According to the FDA, a humanitarian use device (HUD) is a device that is intended to benefit patients by treating or diagnosing a disease or condition that affects fewer than 4000 individuals in the United States per year. An HDE application is not required to contain the results of scientifically valid clinical investigations demonstrating that the device is effective for its intended purpose. However, the application must contain sufficient information for the FDA to determine that the device does not pose an unreasonable or significant risk of illness or injury, and that the probable benefit to health outweighs the risk of injury or illness from its use, taking into account the probable risks and benefits of currently available devices or alternative forms of treatment. Additionally, the applicant must demonstrate that there are no comparable devices available to treat or diagnose the disease or condition, and that they could not otherwise bring the device to market (FDA, 2018).

Literature Review

The evidence in the published peer-reviewed medical literature examining the safety and effectiveness of permanent GES for the treatment of gastroparesis primarily consists of observational studies and case series and few randomized control trials (RCTs). Ducrotte et al.

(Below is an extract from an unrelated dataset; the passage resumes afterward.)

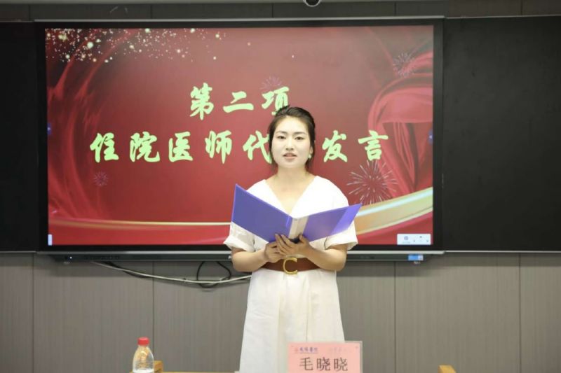 住培医师代表毛晓晓在开班仪式上进行了代表发言,她十分感谢我院提供了此次培训机会,表示在住培期间将以昂扬的斗志、饱满的精神,严格遵守国家规培政策,履行医院及各轮转科室的各项要求,听从住院医师规范化培训管理办公室的管理;认真完成住院医师规范化培训的学习任务,努力掌握好理论知识及各项操作技能,完善跨学科诊疗思维,主动体现爱伤护伤的人文关怀理念,团结协作,挑战自我,超越自我,为成为一名合格的临床医生打下坚实基础。发言完毕后,毛晓晓带领全体学员进行庄严宣誓,重温医学生誓言增强学员责任感、使命感,不忘投身医学事业的初心,铭记“健康所系,性命相托”的誓言,用医者仁心诠释“大医精诚”的深刻内涵。

(2020) conducted a multicenter, double-blind randomized controlled trial with crossover that studied the efficacy of GES in patients with refractory vomiting, with or without gastroparesis. Included patients (n=172) had chronic vomiting and/or nausea > 12 months that was related to type 1 or 2 diabetes mellitus, related to a surgical procedure (partial gastric resection surgery and/or vagotomy), or was idiopathic. Patients had normal or delayed gastric emptying with symptoms that were refractory to treatment and severe enough to affect the general condition of the patient. Patients didn’t have evidence of a mechanical obstruction within the digestive tract or a neurologic disease. Patients were randomized to either the ON/OFF group (n=79) with four months of active stimulation followed by four months of sham stimulation or the OFF/ON group (n=93) with four months of sham stimulation followed by four months with active stimulation. Patients were examined at the end of each four-month period (at five and nine months after implantation). Primary endpoints measured were vomiting score, ranging from 0 (daily vomiting) to 4 (no vomiting), and the quality of life, assessed by the Gastrointestinal Quality of Life Index scoring system. Secondary endpoints were changes in other digestive symptoms, nutritional status, gastric emptying, and control of diabetes.

Final analysis in the intention to treat (ITT) population was carried out in 66 patients in the ON/OFF group and in 83 patients in the OFF/ON group. During both phases of the crossover study, vomiting scores were significantly higher in the group with the device on than the control group (p<0.001), in diabetic and nondiabetic patients. Vomiting scores increased significantly when the device was ON in patients with delayed (p<0.01) or normal gastric emptying (p=0.05). Gastric emptying was not accelerated during the ON period compared with the OFF period. Having the GES turned on was not associated with increased quality of life.

A total of 101 adverse events were reported in the study, with 45 therapy or device-related events: abdominal wall pain at the implantation site (n=28), infections at the abdominal pouch level (n=16), hematoma (n=1). In three cases, the device-related adverse events were serious enough to prompt device removal. The authors concluded that GES is effective in reducing the frequency of refractory vomiting and nausea in a subset of patients with chronic vomiting. Further studies are needed to determine predictive factors of favorable response.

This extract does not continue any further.